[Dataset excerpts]
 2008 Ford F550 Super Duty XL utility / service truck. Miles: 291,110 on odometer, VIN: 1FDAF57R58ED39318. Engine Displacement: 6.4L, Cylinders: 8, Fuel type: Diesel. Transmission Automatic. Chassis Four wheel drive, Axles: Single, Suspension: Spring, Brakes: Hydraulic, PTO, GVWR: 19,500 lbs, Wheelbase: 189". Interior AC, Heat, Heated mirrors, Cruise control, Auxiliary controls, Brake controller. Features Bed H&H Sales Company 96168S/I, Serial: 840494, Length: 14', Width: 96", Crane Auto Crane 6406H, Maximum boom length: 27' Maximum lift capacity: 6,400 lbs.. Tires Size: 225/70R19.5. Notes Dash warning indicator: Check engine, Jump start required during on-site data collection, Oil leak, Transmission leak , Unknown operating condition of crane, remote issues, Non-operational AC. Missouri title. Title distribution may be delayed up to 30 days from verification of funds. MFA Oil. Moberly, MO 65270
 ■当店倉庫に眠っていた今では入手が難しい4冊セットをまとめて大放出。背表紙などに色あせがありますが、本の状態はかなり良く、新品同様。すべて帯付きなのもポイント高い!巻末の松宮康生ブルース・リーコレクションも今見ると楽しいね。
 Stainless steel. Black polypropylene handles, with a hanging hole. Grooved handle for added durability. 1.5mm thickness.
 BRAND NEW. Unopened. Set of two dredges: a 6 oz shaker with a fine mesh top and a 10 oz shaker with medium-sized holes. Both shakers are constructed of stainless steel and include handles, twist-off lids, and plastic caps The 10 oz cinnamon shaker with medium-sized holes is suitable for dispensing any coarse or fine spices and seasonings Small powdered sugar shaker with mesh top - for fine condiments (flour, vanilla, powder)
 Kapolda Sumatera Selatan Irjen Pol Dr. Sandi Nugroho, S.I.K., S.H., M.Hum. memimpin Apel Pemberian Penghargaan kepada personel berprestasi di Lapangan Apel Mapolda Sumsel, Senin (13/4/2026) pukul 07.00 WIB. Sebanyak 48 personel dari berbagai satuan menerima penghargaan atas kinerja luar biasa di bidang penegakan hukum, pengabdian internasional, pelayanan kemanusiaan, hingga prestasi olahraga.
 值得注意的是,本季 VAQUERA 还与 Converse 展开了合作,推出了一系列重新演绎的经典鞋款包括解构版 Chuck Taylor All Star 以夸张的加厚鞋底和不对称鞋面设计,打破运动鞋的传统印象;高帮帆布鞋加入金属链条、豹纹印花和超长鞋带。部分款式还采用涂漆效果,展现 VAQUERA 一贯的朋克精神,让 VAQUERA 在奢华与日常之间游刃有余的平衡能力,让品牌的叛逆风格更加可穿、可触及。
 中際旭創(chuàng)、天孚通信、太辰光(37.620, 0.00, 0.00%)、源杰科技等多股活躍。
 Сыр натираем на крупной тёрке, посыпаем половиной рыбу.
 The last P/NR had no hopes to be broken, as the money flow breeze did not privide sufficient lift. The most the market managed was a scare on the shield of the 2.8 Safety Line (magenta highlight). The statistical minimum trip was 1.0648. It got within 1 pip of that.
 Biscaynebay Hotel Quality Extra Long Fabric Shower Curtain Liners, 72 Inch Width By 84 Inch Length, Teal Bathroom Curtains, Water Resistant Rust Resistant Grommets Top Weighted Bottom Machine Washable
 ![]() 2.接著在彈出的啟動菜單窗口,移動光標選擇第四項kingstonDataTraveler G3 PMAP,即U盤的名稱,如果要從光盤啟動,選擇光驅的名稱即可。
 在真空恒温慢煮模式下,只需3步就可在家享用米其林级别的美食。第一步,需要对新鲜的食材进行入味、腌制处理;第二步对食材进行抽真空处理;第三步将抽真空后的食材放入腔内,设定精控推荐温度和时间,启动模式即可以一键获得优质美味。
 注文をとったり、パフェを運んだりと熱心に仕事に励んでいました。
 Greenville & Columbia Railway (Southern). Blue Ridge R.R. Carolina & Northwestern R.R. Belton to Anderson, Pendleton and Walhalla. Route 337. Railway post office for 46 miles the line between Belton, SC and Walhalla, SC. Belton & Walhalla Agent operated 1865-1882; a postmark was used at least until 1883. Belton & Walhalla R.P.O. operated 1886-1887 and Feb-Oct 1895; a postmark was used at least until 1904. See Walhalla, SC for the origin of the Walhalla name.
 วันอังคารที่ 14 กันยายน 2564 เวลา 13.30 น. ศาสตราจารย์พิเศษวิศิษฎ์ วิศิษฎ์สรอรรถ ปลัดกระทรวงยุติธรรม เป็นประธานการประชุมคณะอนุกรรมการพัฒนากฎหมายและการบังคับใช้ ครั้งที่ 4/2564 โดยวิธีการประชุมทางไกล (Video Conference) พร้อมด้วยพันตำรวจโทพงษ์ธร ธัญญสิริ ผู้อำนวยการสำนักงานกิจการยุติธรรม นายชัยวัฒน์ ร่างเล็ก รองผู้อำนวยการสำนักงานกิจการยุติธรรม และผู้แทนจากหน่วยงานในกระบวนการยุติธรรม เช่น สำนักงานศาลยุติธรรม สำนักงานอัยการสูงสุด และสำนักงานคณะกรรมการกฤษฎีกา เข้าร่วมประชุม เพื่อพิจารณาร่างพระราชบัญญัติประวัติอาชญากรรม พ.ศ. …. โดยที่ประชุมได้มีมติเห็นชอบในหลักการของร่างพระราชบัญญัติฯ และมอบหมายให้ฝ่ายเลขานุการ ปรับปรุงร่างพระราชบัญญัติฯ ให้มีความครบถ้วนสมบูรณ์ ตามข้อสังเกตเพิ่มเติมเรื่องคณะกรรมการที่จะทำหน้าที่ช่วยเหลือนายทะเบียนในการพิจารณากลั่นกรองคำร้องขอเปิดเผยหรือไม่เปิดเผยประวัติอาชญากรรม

About this exercise
Filter the data above, keeping only lines that include the string "handles".

Response for this exercise
 Stainless steel. Black polypropylene handles, with a hanging hole. Grooved handle for added durability. 1.5mm thickness.
 BRAND NEW. Unopened. Set of two dredges: a 6 oz shaker with a fine mesh top and a 10 oz shaker with medium-sized holes. Both shakers are constructed of stainless steel and include handles, twist-off lids, and plastic caps The 10 oz cinnamon shaker with medium-sized holes is suitable for dispensing any coarse or fine spices and seasonings Small powdered sugar shaker with mesh top - for fine condiments (flour, vanilla, powder)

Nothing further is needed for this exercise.